By Lucy Papachristou
LONDON (Reuters) – A Russian court is considering a prosecutor’s request to designate a journalist who frequently criticises the war in Ukraine and his wife as an extremist grouping.
A spokeswoman for St Petersburg’s court system said on Telegram that a claim against former Russian TV news anchor Alexander Nevzorov and Lidia Nevzorova had been filed by the city “in defence of the interests of the Russian Federation”.
Nevzorov, 65, runs a YouTube channel with nearly 2 million subscribers where he often criticises the war in Ukraine. He and his wife fled Russia in March 2022 and now live in Europe.
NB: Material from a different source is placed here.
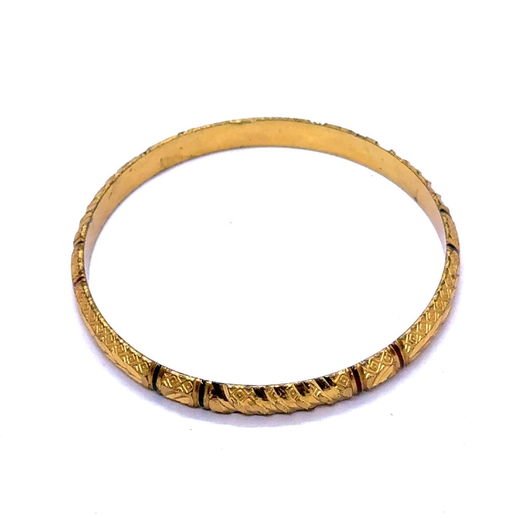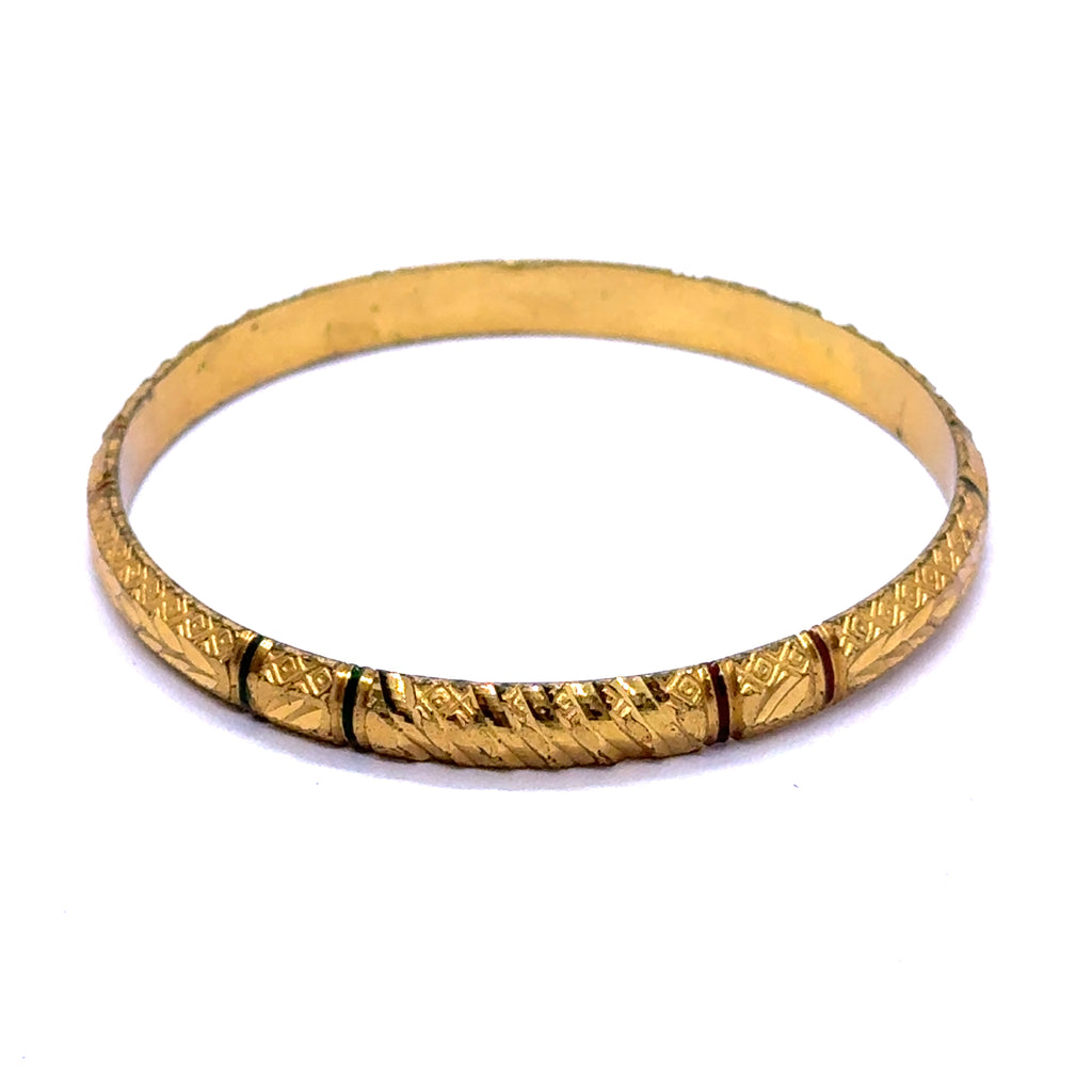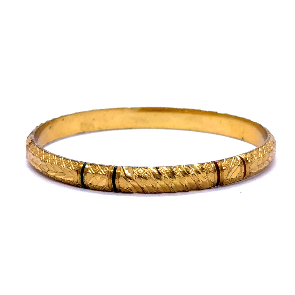 Celebrate timeless tradition with this exquisitely engraved bangle. Crafted on a luminous yellow gold plated base, this piece is adorned with intricate and symmetrical geometric textures that evoke a rich sense of cultural artistry. The masterful engravings are accentuated to create a striking visual depth and a powerful, heritage-inspired feel. Perfect as a captivating standalone statement or as the bold anchor for a curated bangle stack, this beautiful accessory is a testament to meticulous craftsmanship and classic ethnic design.

The lawsuit seeks to ban the “extremist activities” of the “association” – meaning the couple – and to turn over the association’s property to the Russian state, the court spokeswoman said.
Nevzorov was sentenced in absentia last year to eight years by a Russian court for spreading “fake news” about Moscow’s army. He said he considered the lawsuit an escalation of authorities’ attempts to silence him.
“I am now being tested by a method that will be applied to all fully-dissenting free-thinkers, foreign agents, and other enemies of Putin’s regime,” he told Reuters in a voice message.
“They tried to negotiate with me for a long time to stop telling the truth about the war and the degradation of the country. I didn’t agree.”
Russia’s list of “extremist” groups include the Taliban, U.S. tech giant Meta, and what it calls the “LGBT movement”. The designation effectively outlaws those entities’ activities inside Russia and opens up avenues to pursue criminal cases against those perceived as associated with them.
The agency in charge of maintaining the list, Rosfinmonitoring, has the power to freeze the bank accounts of the more than 15,000 people and entities who carry the label.
The couple’s lawyer, Alexei Pryanishnikov, said that Russia has never labelled a married couple as “extremist” before.
Nevzorov, who made his name hosting the pioneering news programme “600 Seconds” as Soviet society opened up under Mikhail Gorbachev and also served in Russia’s parliament, was granted Ukrainian citizenship after publicly denouncing Russia’s invasion, calling the war a “crime” and Ukraine its victim.
His wife, Nevzorova, a publisher, said the couple has no assets left in Russia, but she feared the lawsuit could target her mother, who still lives in the country.
“They want to deprive us of our livelihood and punish us in a showy manner,” she told Reuters in a Telegram message. “And they want to take everything away from mum.”